R: Né en 1960 dans la province de Kandahar, Mohammed Omar était chef des talibans depuis 1996. Austère et strict, il affectionnait les lance-roquettes russes RPG 7, ne possédait ni maison ni compte en banque, et était un homme affable doté d'un sens de l'humour «spécial» - du moins, selon sa biographie parue en avril dernier. Après avoir combattu les Soviétiques dans les années 80 (et où il a été blessé par un éclat d'obus à l'oeil droit), il avait unifié les moudjahidines en 1994 avant de devenir chef religieux en 1996, puis de diriger le pays jusqu'en 2001.

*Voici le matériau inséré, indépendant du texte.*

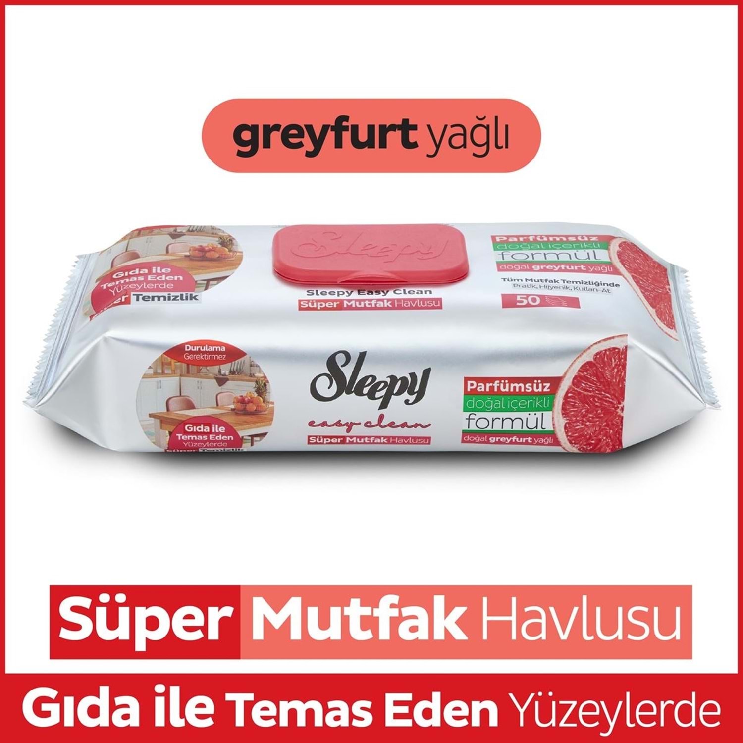 Sleepy Easy Clean mutfak temizlik mendili, doğal greyfurt yağı içeren güçlü formülüyle mutfak yüzeylerinde pratik ve etkili temizlik sağlar. Plastik kapaklı ambalajı sayesinde ilk günkü tazeliğini uzun süre korur.
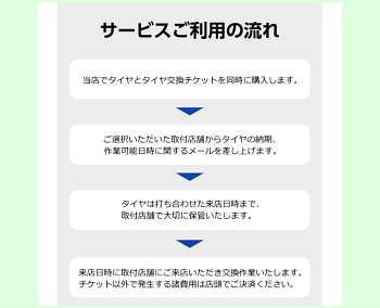 5.タイヤ交換チケットのご利用には同一店舗でタイヤとチケットを同時にご購入いただく必要がございます。

Q: Quel était son rôle dans les attentats du 11 septembre 2001?

R: Sur le champ de bataille, il avait fait la connaissance d'Oussama ben Laden. En 1997, il offre l'asile au chef d'Al-Qaïda, qui s'installe en Afghanistan pour entraîner ses combattants. Après les attentats du 11-Septembre, les Américains débarquent en Afghanistan pour traquer ben Laden et ses complices. Le mollah Omar, qui avait refusé de livrer ben Laden, s'enfuit et disparaît pour toujours de l'écran radar. Les services de renseignements croient qu'il s'est caché dans les environs de Quetta, au Pakistan. Les États-Unis avaient mis sa tête à prix pour 10 millions de dollars.

Q: Quand serait-il mort?

R: Hier, le gouvernement afghan a confirmé la rumeur selon laquelle le mollah Omar est mort en avril 2013 à Karachi, au Pakistan. «Il y avait des suppositions depuis des années», dit Vanda Felbab-Brown, spécialiste de l'Afghanistan à l'institut Brookings, à Washington. «On n'avait pas de communication directe de sa part depuis quelques années.» Le dernier message audio de sa part remontait à 2006. Le silence du chef aurait suscité de l'insatisfaction chez les talibans et des fractures dans le mouvement. Aucun chef n'a encore été désigné pour lui succéder. Les talibans n'ont ni confirmé ni infirmé hier l'annonce de Kaboul.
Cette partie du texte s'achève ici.